PROBLEM: Leaving out every picture, quote the data below exactly as it appears.

╭─ DATA EXCERPT

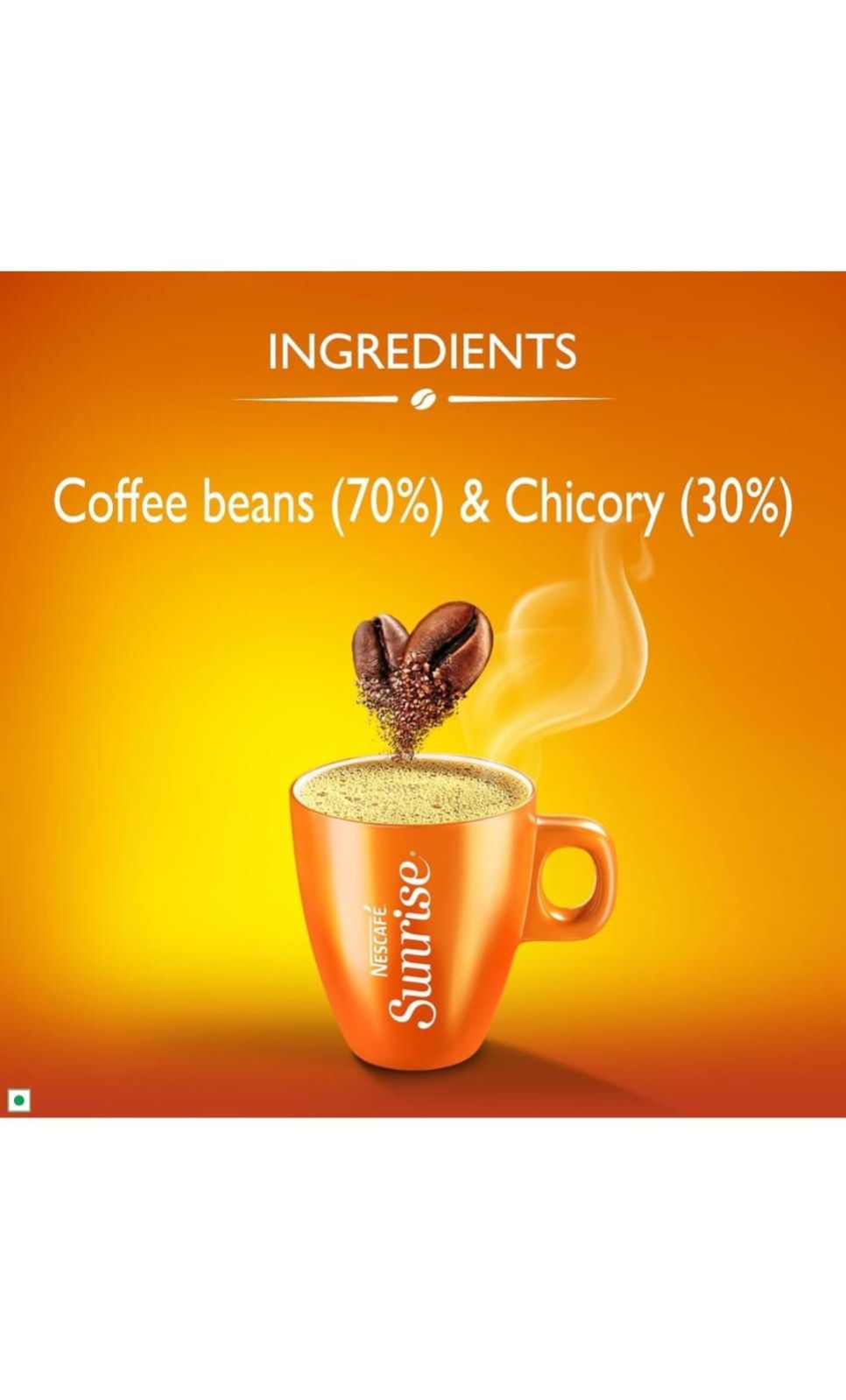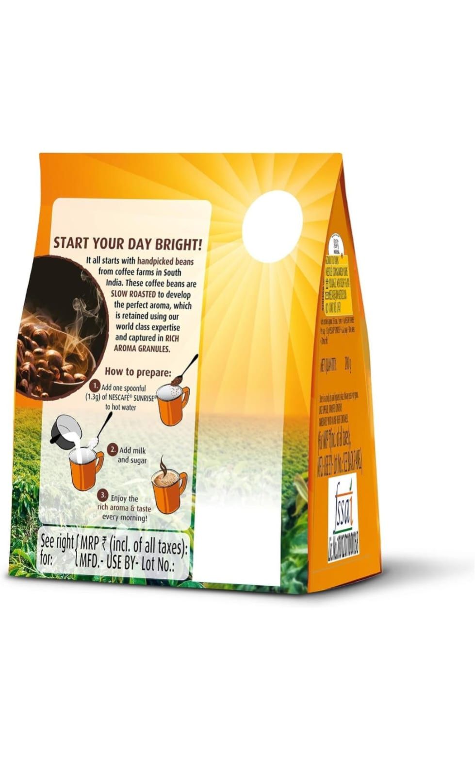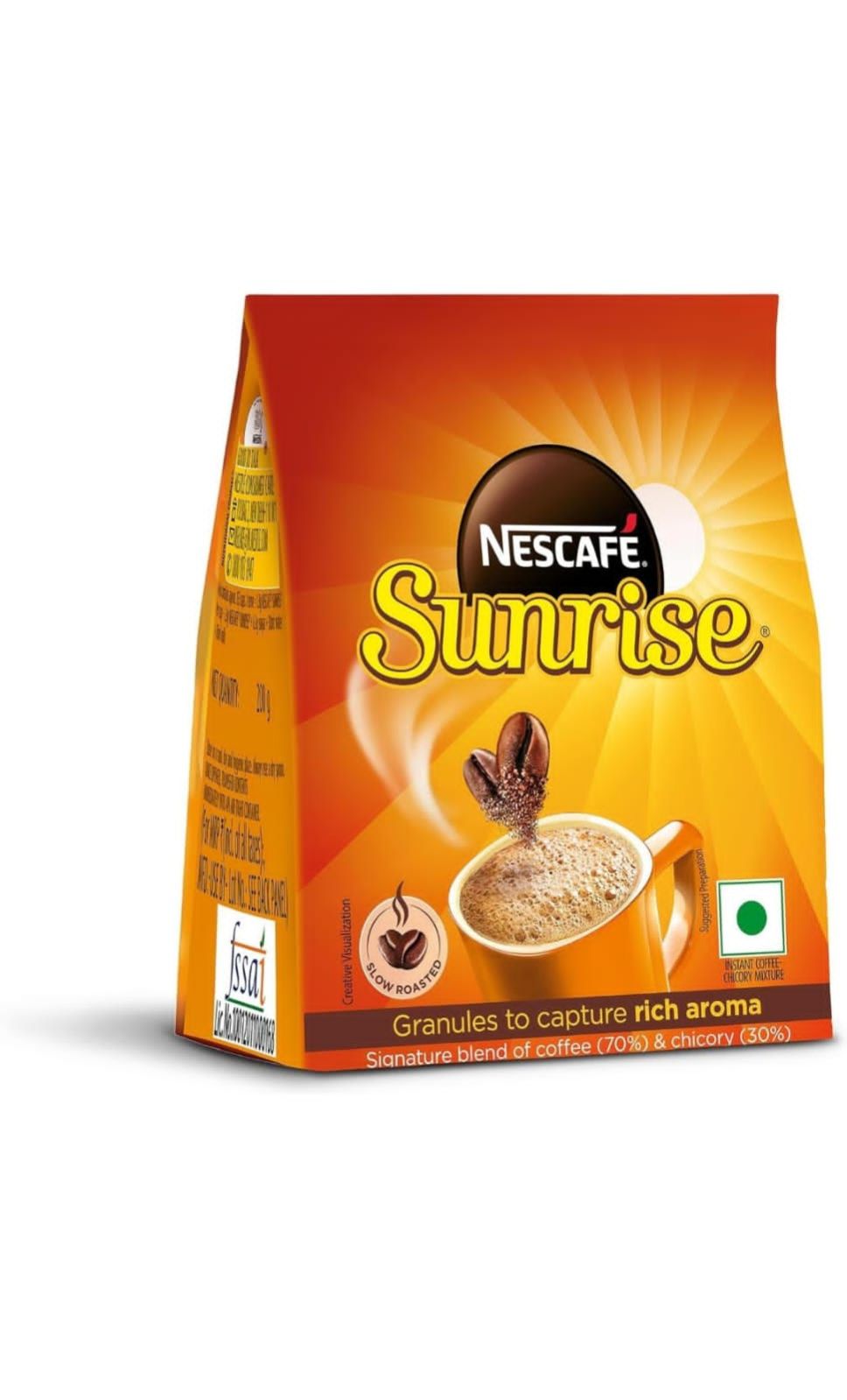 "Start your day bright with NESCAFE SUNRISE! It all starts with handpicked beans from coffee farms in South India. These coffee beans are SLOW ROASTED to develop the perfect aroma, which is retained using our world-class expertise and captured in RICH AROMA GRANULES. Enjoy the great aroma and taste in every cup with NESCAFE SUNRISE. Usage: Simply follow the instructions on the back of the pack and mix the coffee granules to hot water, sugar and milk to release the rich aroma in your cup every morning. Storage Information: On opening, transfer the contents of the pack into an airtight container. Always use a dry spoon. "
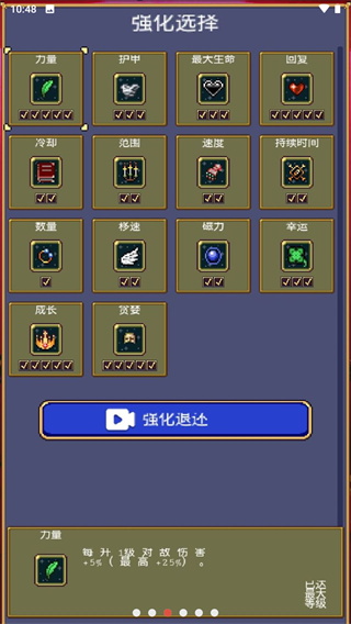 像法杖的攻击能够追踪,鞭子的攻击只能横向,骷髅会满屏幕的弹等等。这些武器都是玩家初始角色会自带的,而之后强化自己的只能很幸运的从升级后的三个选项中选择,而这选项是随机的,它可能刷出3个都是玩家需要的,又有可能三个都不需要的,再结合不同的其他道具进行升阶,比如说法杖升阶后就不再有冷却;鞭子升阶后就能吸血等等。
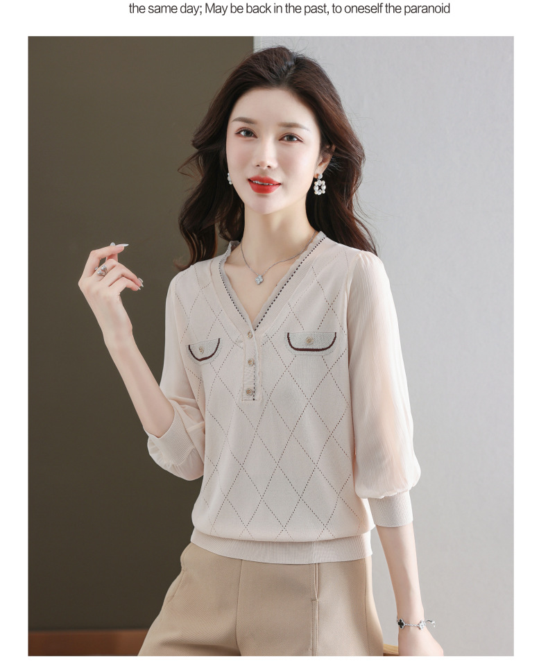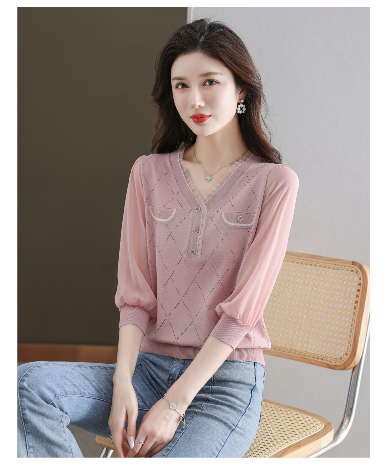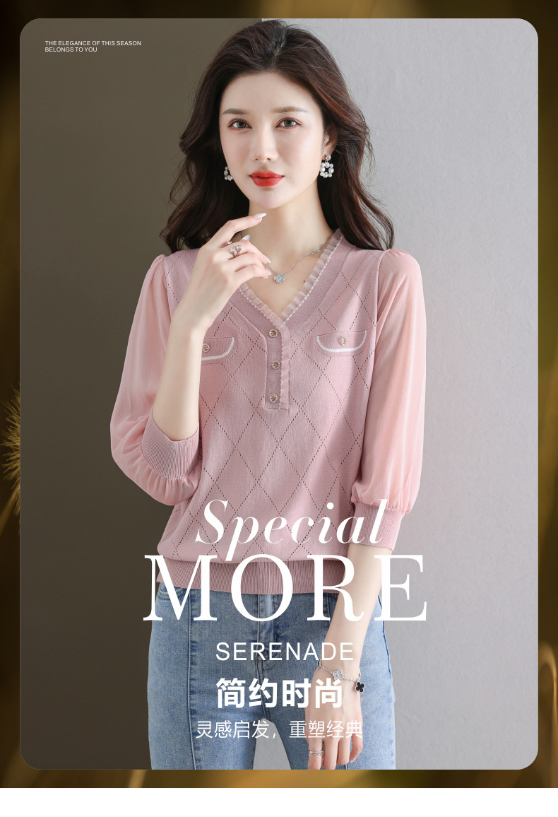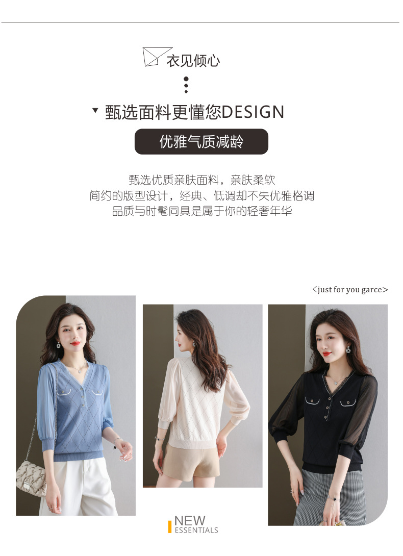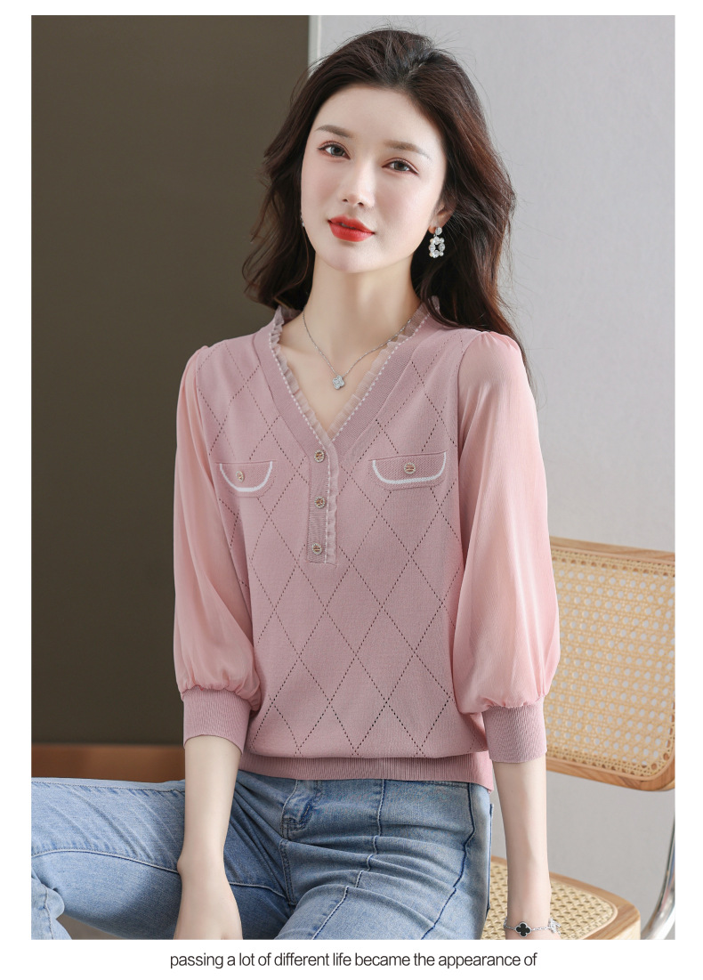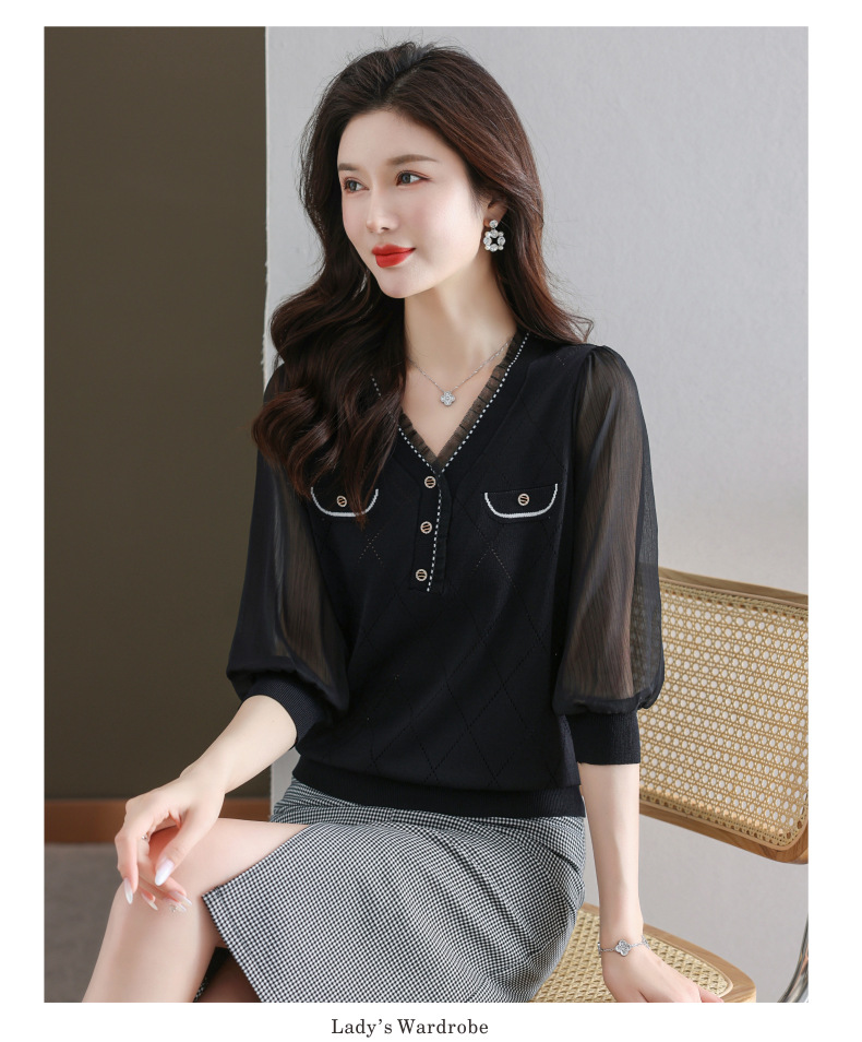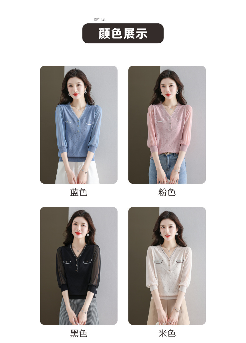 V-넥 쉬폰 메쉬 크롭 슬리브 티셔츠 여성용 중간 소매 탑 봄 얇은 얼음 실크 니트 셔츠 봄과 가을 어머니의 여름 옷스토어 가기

╰─

RESULT:
 "Start your day bright with NESCAFE SUNRISE! It all starts with handpicked beans from coffee farms in South India. These coffee beans are SLOW ROASTED to develop the perfect aroma, which is retained using our world-class expertise and captured in RICH AROMA GRANULES. Enjoy the great aroma and taste in every cup with NESCAFE SUNRISE. Usage: Simply follow the instructions on the back of the pack and mix the coffee granules to hot water, sugar and milk to release the rich aroma in your cup every morning. Storage Information: On opening, transfer the contents of the pack into an airtight container. Always use a dry spoon. "
 像法杖的攻击能够追踪,鞭子的攻击只能横向,骷髅会满屏幕的弹等等。这些武器都是玩家初始角色会自带的,而之后强化自己的只能很幸运的从升级后的三个选项中选择,而这选项是随机的,它可能刷出3个都是玩家需要的,又有可能三个都不需要的,再结合不同的其他道具进行升阶,比如说法杖升阶后就不再有冷却;鞭子升阶后就能吸血等等。
 V-넥 쉬폰 메쉬 크롭 슬리브 티셔츠 여성용 중간 소매 탑 봄 얇은 얼음 실크 니트 셔츠 봄과 가을 어머니의 여름 옷스토어 가기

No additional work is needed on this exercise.